When exploring the concept of grace and its connecting components from a New Testament vantage-point, context and audience must be considered, for the purpose of textual harmonization. Concerning grace, passages from the Roman epistle are designed to make unequivocally distinct, the difference between the divine work of Christ and the ritualistic works of Mosaic Law. Whether the saints of the church at Rome were Jewish or Gentile, clearly they faced the issue and seduction of Old Testament Law creeping into the New Testament church. Through such a concept, there were those who wanted to mix, justify, and qualify their New Testament Christian status with what they did physically. One example of such was the practice of circumcision; certain former Old Testament Law-practicing Christians viewed themselves as more Christian if they were circumcised. Do you feel you are more Christian than another? Because of the notion of hyper-Christianity amongst certain Jewish Christians, an intentional paradigm shifting principle was illustrated by Paul. For example, he helped them come to terms with the fact that Abraham was declared righteous before he was circumcised (Romans 4:10b). Similarly, the work and epistle of James must be handled contextually, because his approach to faith and works was not based upon works of human merit or Mosaic Law. Without understanding that premise, the messages of Paul and James appear contradictory. Theological clarity is found when the differentiation of the works of both writers are discussed and assessed.

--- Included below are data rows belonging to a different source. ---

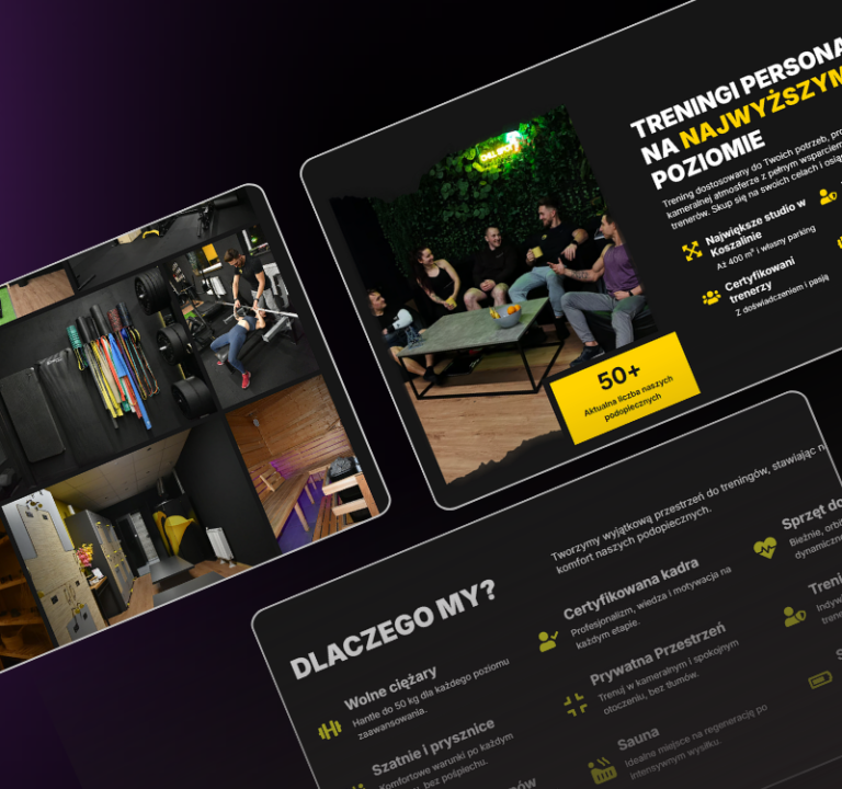 Każda realizacja obejmuje kompleksowy proces: od strategii i struktury strony, przez treści, layout, grafiki i wersję mobilną, po wdrożenie, analitykę, szkolenie i opiekę po publikacji.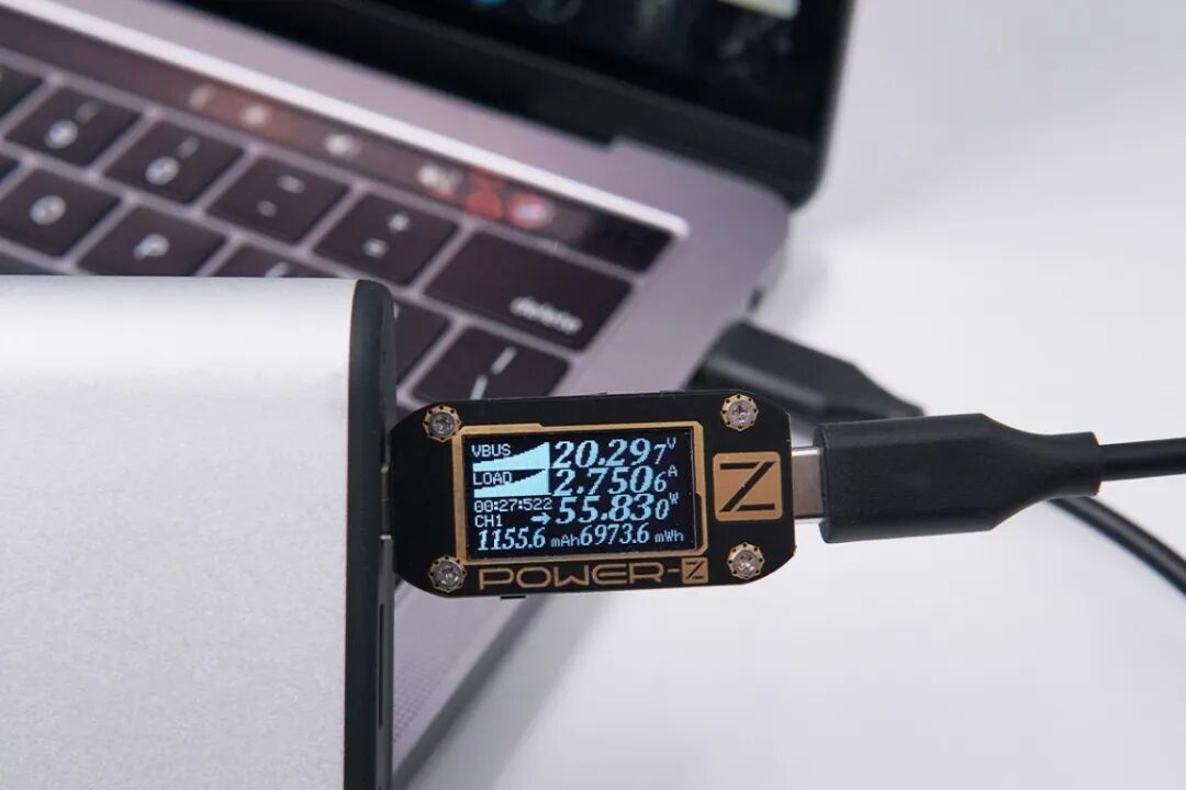 Macbook Pro 13支持USB PD快速充电,使用移动电源的USB-C为Macbook Pro 13充电,功率为20.29V 2.75A 55.83W,成功握手USB PD快充,并达到快充功率最大阶段。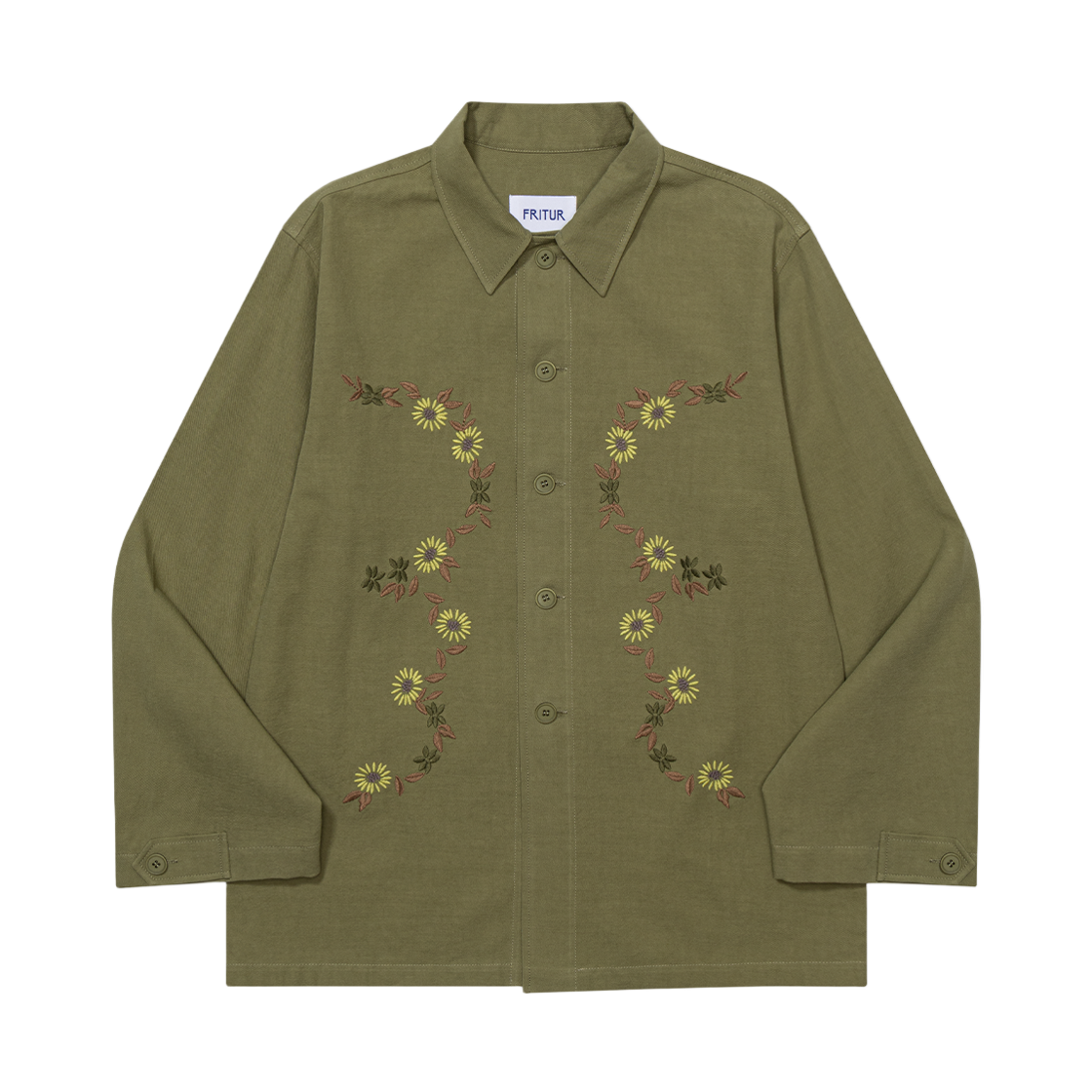 프리터 플라워 자르뎅 엠브로이더리 셔츠 카키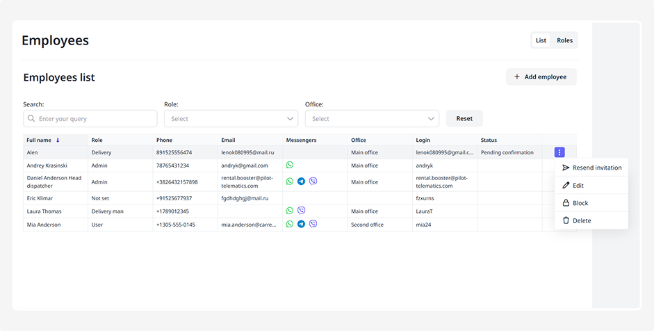 • Edit — open the employee card to update information, change their role, or reassign them to another office.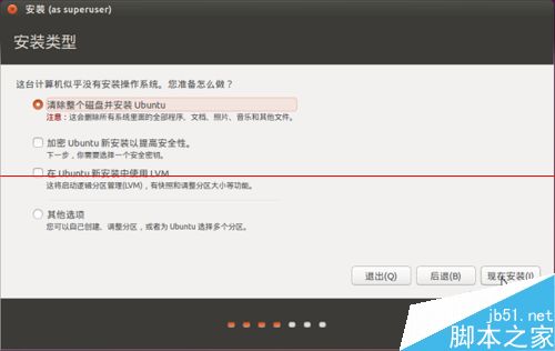 在虛擬機(jī)中安裝,我們選“清除整個(gè)磁盤并安裝 Ubuntu”。如果是在實(shí)體機(jī)上安裝,并且想與原來(lái)的 Windows 等操作系統(tǒng)形成雙系統(tǒng)雙啟動(dòng),則可以選擇“其他選項(xiàng)”,里面有豐富的選項(xiàng)設(shè)置。

According to Romans 3:27 there is a law of faith that trumps a law of works. Christians are justified (able to stand before the presence of God) because of the work, sacrifice, and ransom paid by Christ. That is the only way one can be considered justified. Christ is the justifier of those who believe. The emphatic contextual premise is that belief in Christ is enough for Christians, without adding mechanical works of Mosaic Law or any form of human merit. In no way does this excuse a Christian from working in His kingdom, but at the same time a Christian is to never develop a mentality that allows him/her to believe they can work their way into heaven. “For what is a man profited, if he shall gain the whole world, and lose his own soul? or what shall a man give in exchange for his soul?” (Matthew 16:26).

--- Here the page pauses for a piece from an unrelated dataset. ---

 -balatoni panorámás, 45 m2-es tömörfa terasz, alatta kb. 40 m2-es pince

In assessing the concept of grace, it is clearly and purely the work of God, through the deific effort of Christ at Calvary. In correlation to grace, no amount of human piety and output can save us, inclusive of the process of keeping religious practices, as exemplified by the apostles and New Testament scripture (baptism included). Baptism alone has no power to save. In response to God granting salvation to us and covering us with His grace, we are motivated to practice His commands because of the gift of justification. In churches of Christ, considerable time has been expended discussing practices of worship, but worship is simply a privilege and byproduct that comes with the covering of grace. A Christian exuberantly worships God out of a thankful response because of the underserved grace provided by God, yet, the praxis of worship does not justify a Christian.

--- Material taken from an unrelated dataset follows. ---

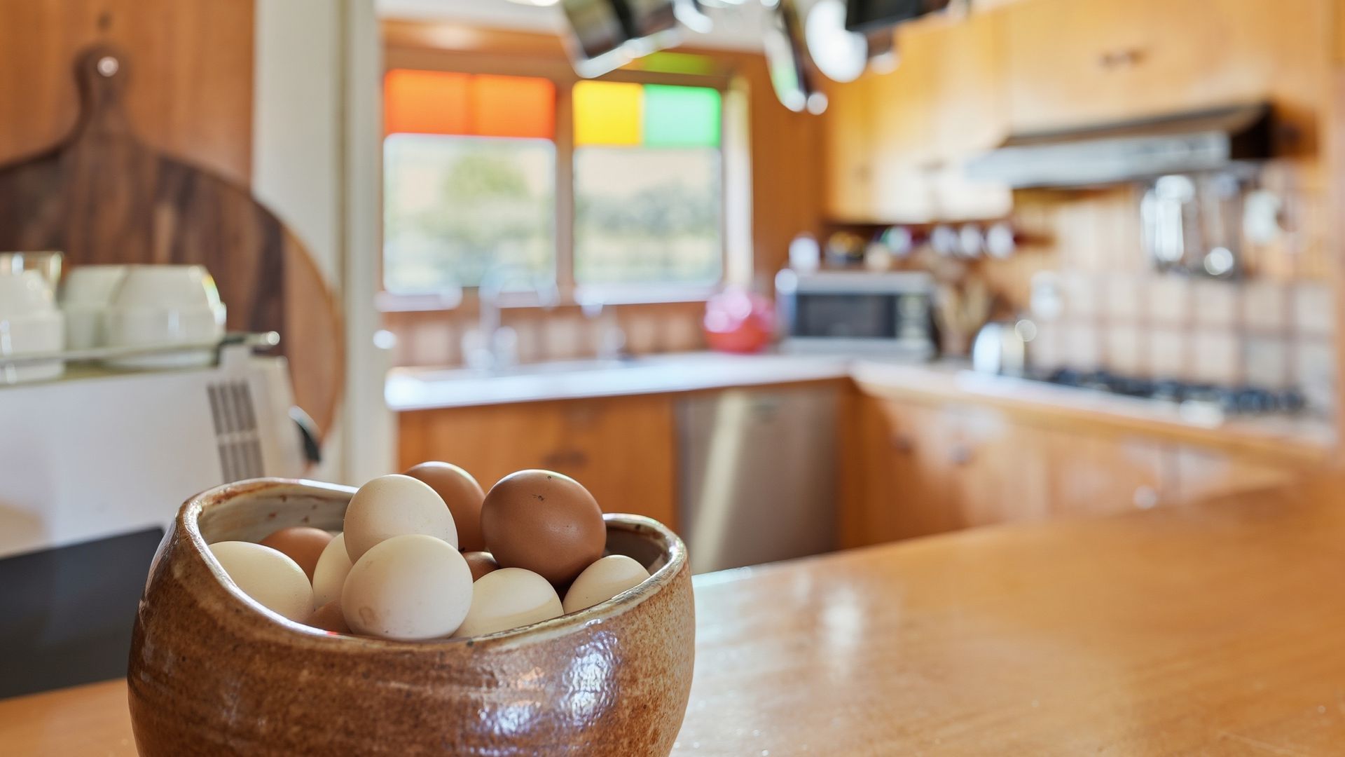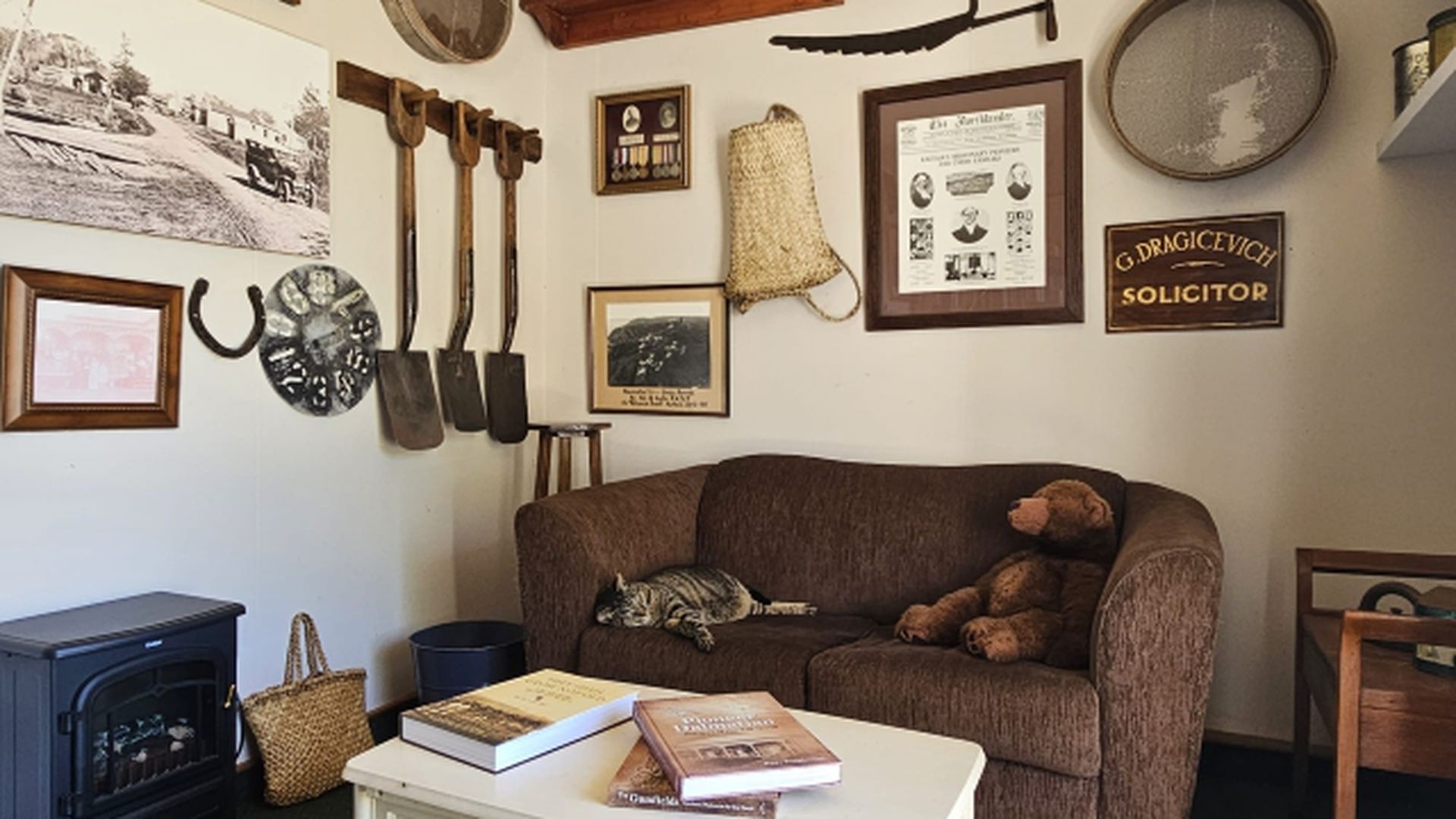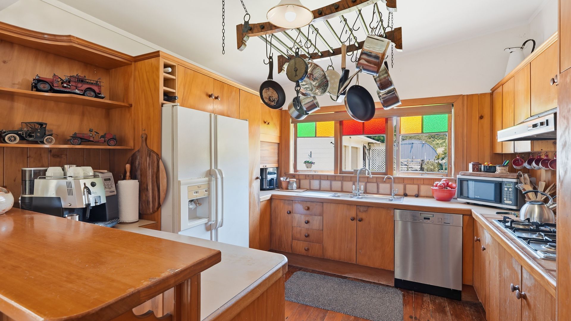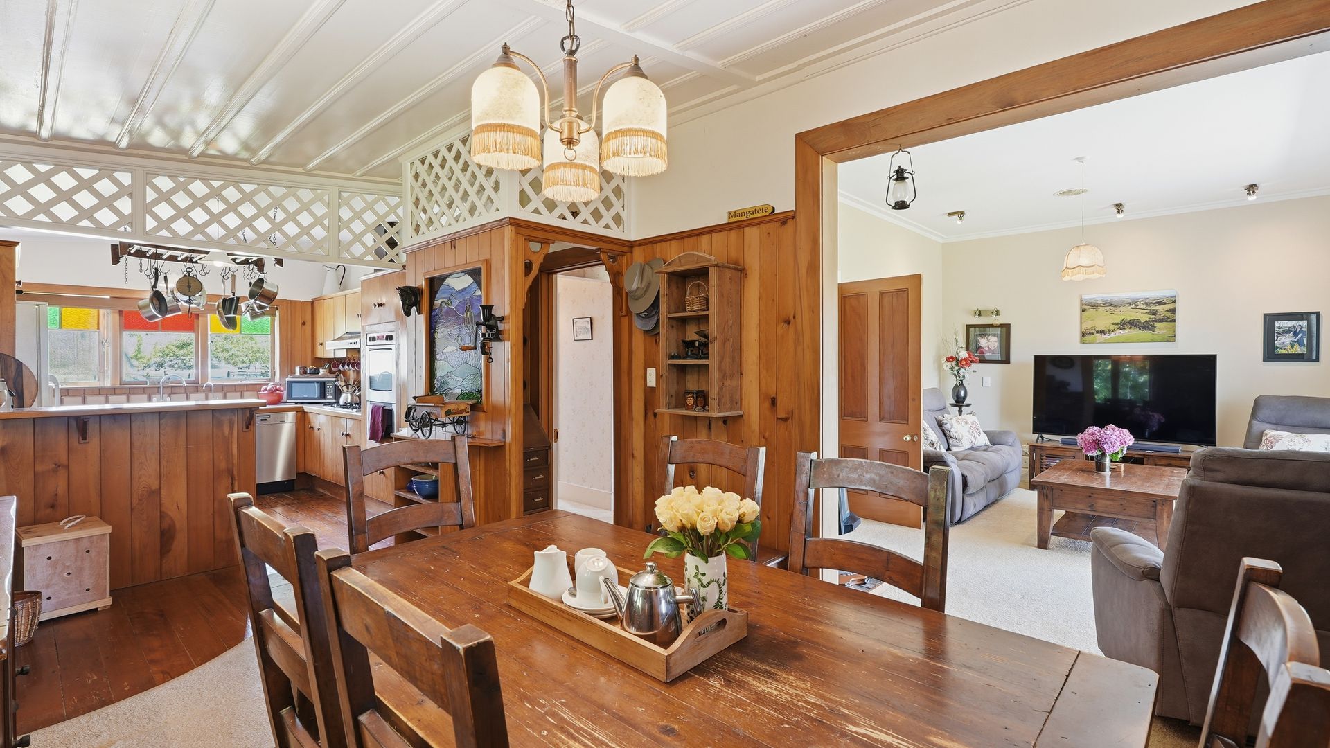 Inside, heritage is expressed with restraint and authenticity. High ceilings create rooms of scale, while native timber detailing and stained-glass accents enhance the home’s ambience. A wood burner grounds the space in warmth and everyday functionality. Living spaces are generous without being overstated, large windows and French doors draw the landscape naturally into daily life.

Churches of Christ have been accused of having a works related approach to salvation, the gospel of Christ, and biblical hermeneutics. Although this position is not qualitatively true, we must be careful that there is no subliminal truth to the assertion. Grace is God’s initial love-move toward us and its embrace requires belief and faith in God (Acts 2:37-38). Human deeds do not give us a right to God’s grace or His justification. Faith and belief in God, not works, is the spark that God requires for His grace to move over our lives. Beware of the subtle notion that worship service attendance, communion every Sunday, prayer, Bible study, fasting, prayer, etc., can justify and entitle a person to receive God’s grace. It simply cannot be true. We are saved by grace through faith when the righteousness of Christ is credited to a human who believes in-faith and repents. Remember the beauty of God’s grace. You are the clay In the Potter’s Hands. God has paved a way to save and comfort you today!